In that case I made a bet with my teacher, if she allowed me to stay in class, I would finish on time. Provided she allowed me to get out of hospital to complete my assignment. As I have always found, high level teachers are wonderfully supportive if you are honest with them. She gave me a grace period to complete the paper and I caught up with the class and finished on time.

Wednesday, November 9, 2011

With Sadness

I don't know what it is. Maybe it is getting to be fifty, just a few weeks ago.

My AARP card now has it's own place in my wallet.

It may be the ticking of the clock, this seems to be the time of losing friends.

A few years ago, I met someone whom I felt was special. This was before I met the woman who was to become my wife. We had been close friends but it was always more friendship than romance for her part. For me I had hoped for more, I will admit that. But it is always the woman who really chooses. So we went our seperate ways. Keeping in touch until I married.

I still had some contact from another mutual friend. Monday I heard that our friend had died.
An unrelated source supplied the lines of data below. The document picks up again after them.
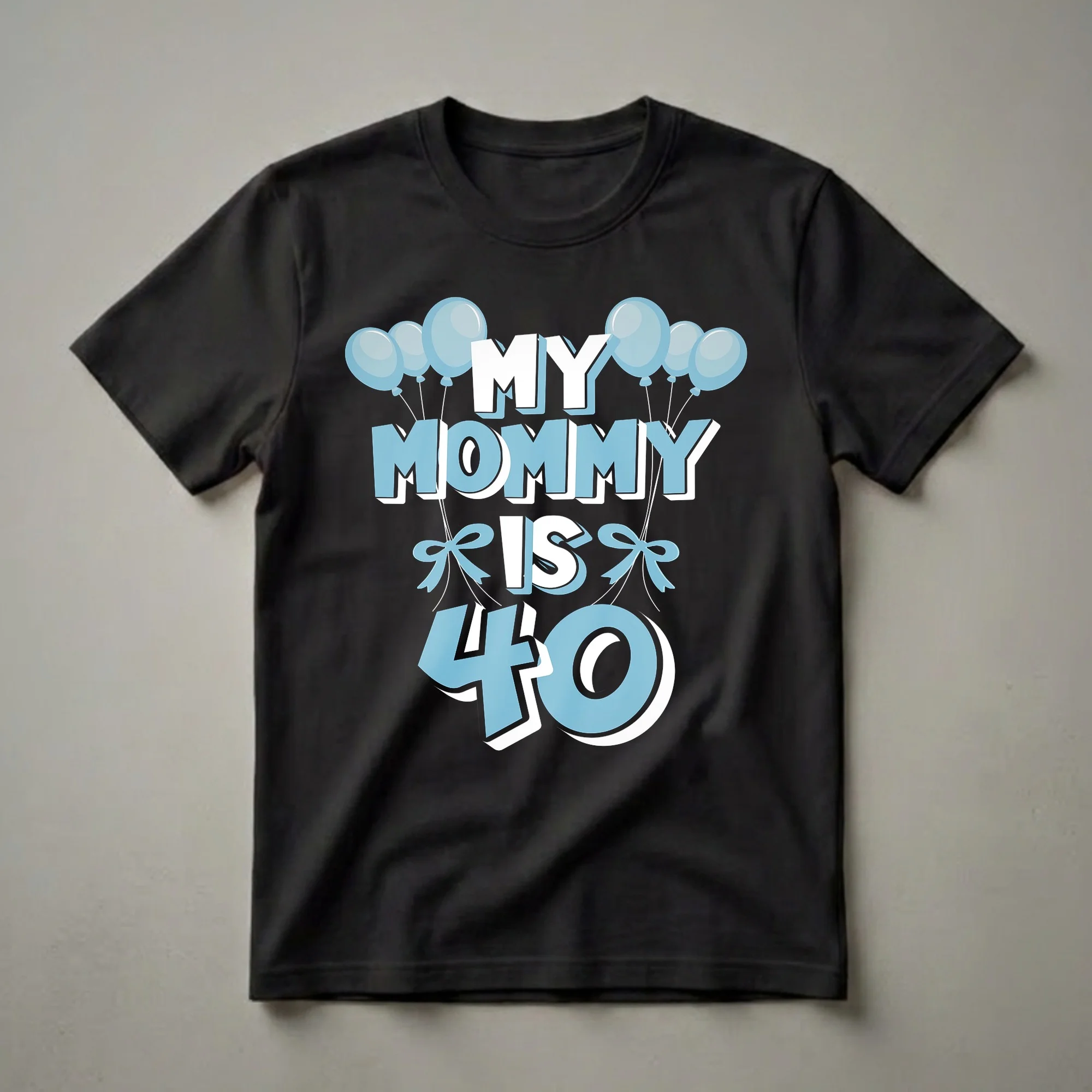Turning 40 is a significant milestone, and this vibrant graphic tee is a celebratory way for a child to announce their mom's big day. The design features bold, stylized text that reads "MY MOMMY IS 40" in a playful font, with the number "40" prominently displayed in a larger, eye-catching size. Accompanying the text are cheerful blue balloons tied with light blue bows, adding a festive and celebratory atmosphere to the graphic. This t-shirt is a thoughtful gift for any mother hitting this milestone birthday, whether from a young child or an adult child wanting to mark the occasion. It's a fun way for Mom to wear her age with pride at birthday parties, family gatherings, or casual outings during her 40th year. The design's clear message makes it an instant conversation starter, well suited for celebrating this special chapter. This shirt is a wonderful keepsake for the birthday queen, a true staple in her birthday wardrobe.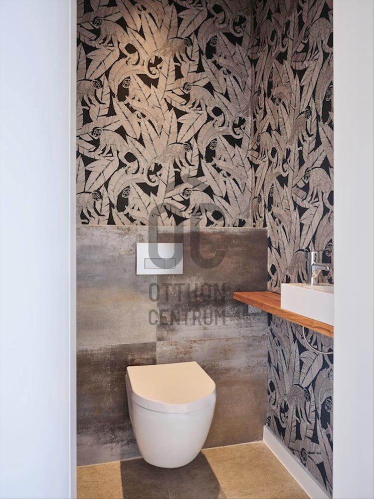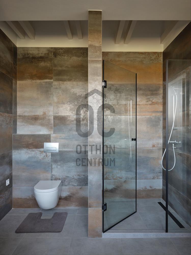 A nappali térből nyílik a vendég mosdó, valamint a két külön bejáratú, nagy méretű hálószoba, közöttük extra méretű, egyedi mintázatú falburkolattal rendelkező fürdőszoba, ahol dupla mosdó, kád és épített zuhany is megtalálható.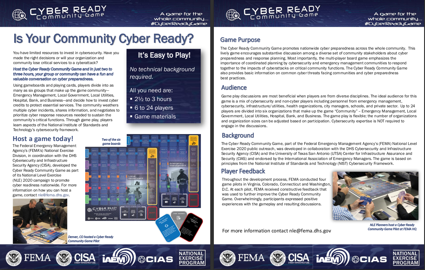 Download the two-page flyer for insights into the Cyber Ready Community Game and how your community can learn the dynamics of cyber preparedness and various aspects of the NIST framework. To request your personal copy of the Cyber Ready Community Game, email FEMAPubs@gpo.gov.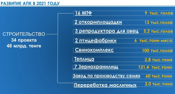 Кроме того, в регионе ведется строительство 16 молочно-товарных ферм на 9 тысяч голов, двух откормочных площадок на 13 тысяч мест, трех племрепродукторов по овцеводству, двух птицефабрик на 6 тысяч тонн, теплицы на 2,8 тысячи тонн и семи зернохранилищ на 121,4 тысячи тонн.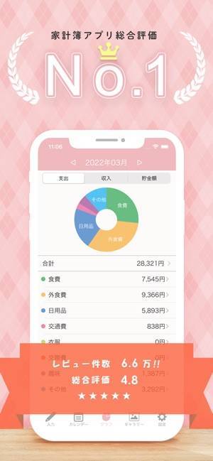 - 収支は自動でグラフ化。費目の割合や貯金額の推移がわかる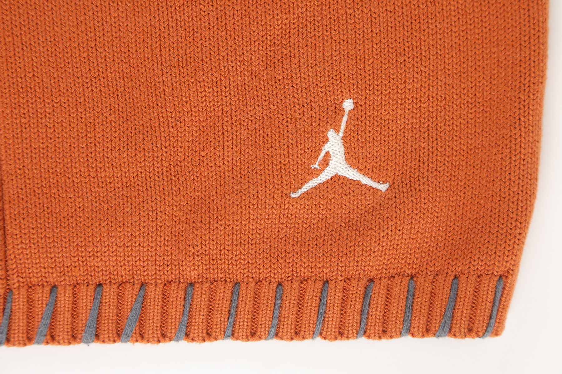 inside bottom of orange vest has wash tag, which shows wear, and bottom states "Michael Jordan"
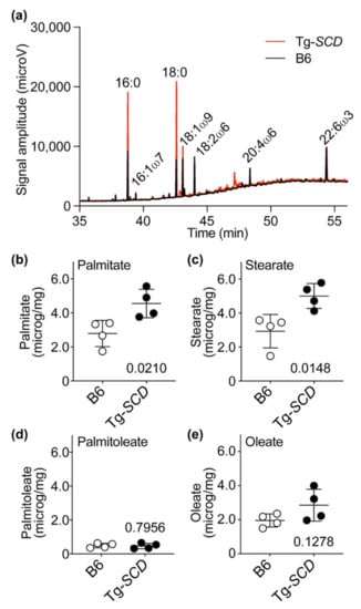 Cardiac lipids were analyzed after transesterification by gas chromatographic (GC) analysis with flame ionization detection (FID). For cardiac lipid analysis, we used the hearts of 8-month-old, male Tg-SCD mice and age-matched, male B6 control mice. Lipid analysis found that Tg-SCD hearts had increased levels of saturated fatty acids (Figure 10a and Figure A4). Notably, cardiac contents of saturated lipids, palmitate and stearate, were significantly increased in Tg-SCD hearts compared to non-transgenic B6 control hearts (Figure 10b,c). Cardiac palmitate levels of Tg-SCD mice were 1.63-fold higher than those of B6 controls, i.e., the cardiac palmitate content of Tg-SCD hearts was 4.6 μg/mg compared to 2.8 μg/mg in B6 controls (Figure 10b). Cardiac stearate content of Tg-SCD mice was 5.0 μg/mg, and cardiac stearate content of B6 controls was 2.9 μg/mg (Figure 10c).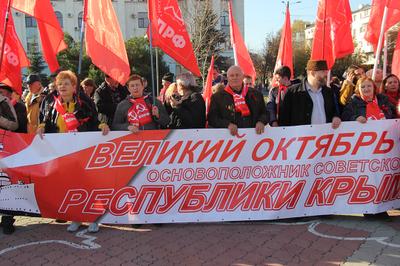 Начались мероприятия с традиционного праздничного шествия по главным улицам столицы. Коммунисты и сторонники со всех районов и городов Республики Крым приехали в Симферополь, чтобы встретить великую дату, изменившую мировую историю и жизнь простых людей. В праздновании великого события приняли участие несколько тысяч человек. Из-за массовости шествия властям пришлось частично перекрыть движение по центральной улице города – проспекту Кирова.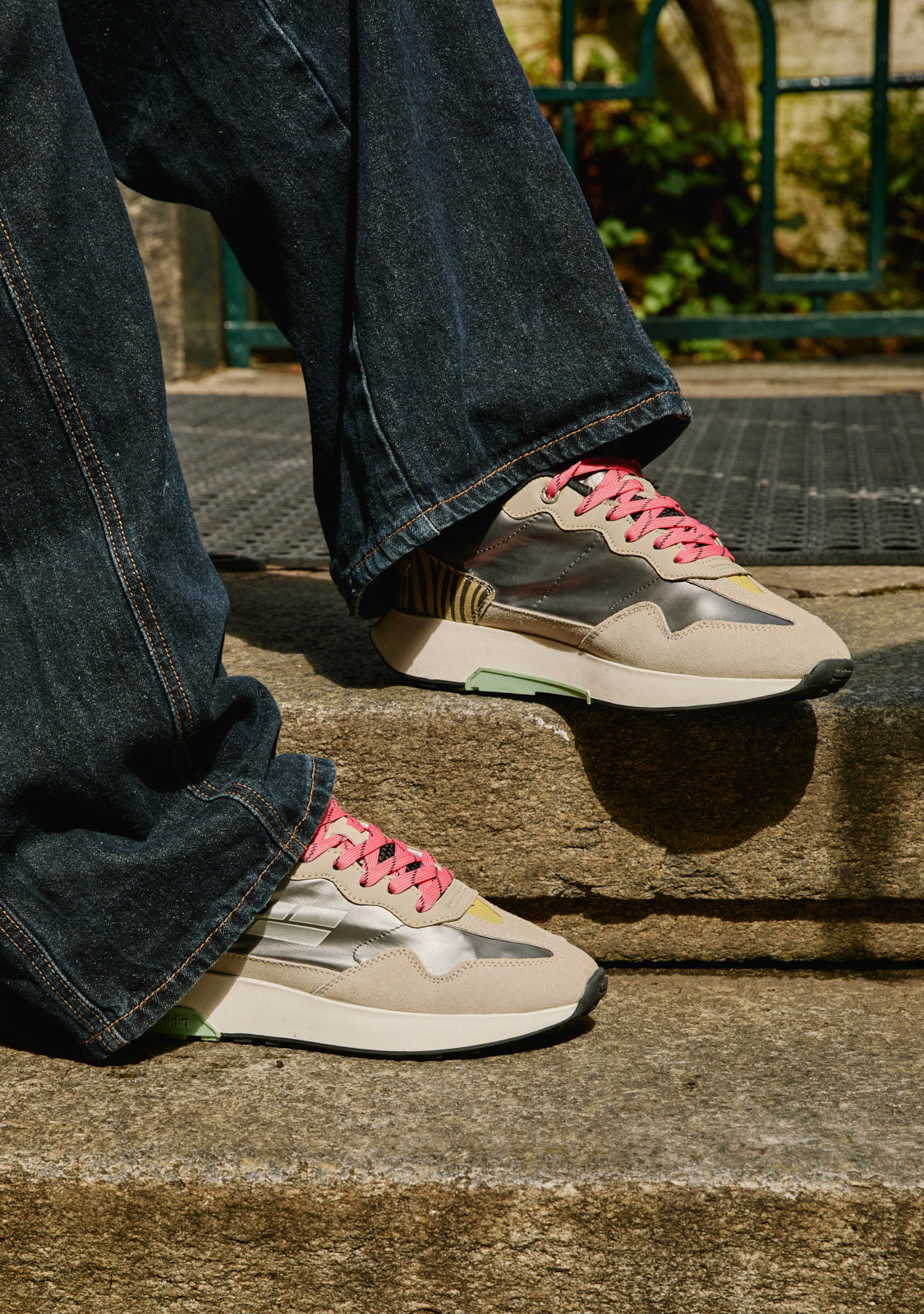 Este modelo fusiona distintas texturas con tonos plateados y rosas que destacan su singularidad. Cuenta con la bandera D.Franklin en su lateral y cordones estampados para una perfecta sujeción. Además, presenta una suela de dos densidades. Una primera de materiales reciclados creada para una pisada cómoda y ligera; y una segunda con relieve que le proporciona agarre.

I have been no real stranger to death. My father died when I was a child, mygrandparents had died in their time and my mother several years ago. Other friends too have died, in accident and war.

This is the first death of someone however that I had imagined sharing my life with. It has come as more a shock than anyother.

Going blind is not as bad as the pain of mourning someone special. 

It brings me to think how special my wife really is. How much I should treasure her friendship. Afterall, she suffers from my blindness too. She guides me, lifts me up when I fall low in spirits. Puts up with me one my worst days, laughs at my awful jokes.

I can no longer think of maybe writing an occasional e-mail to my late friend. But I can hold my wife close and dear for one minute more.

Thank the Lord for all we have ever held dear in our hearts.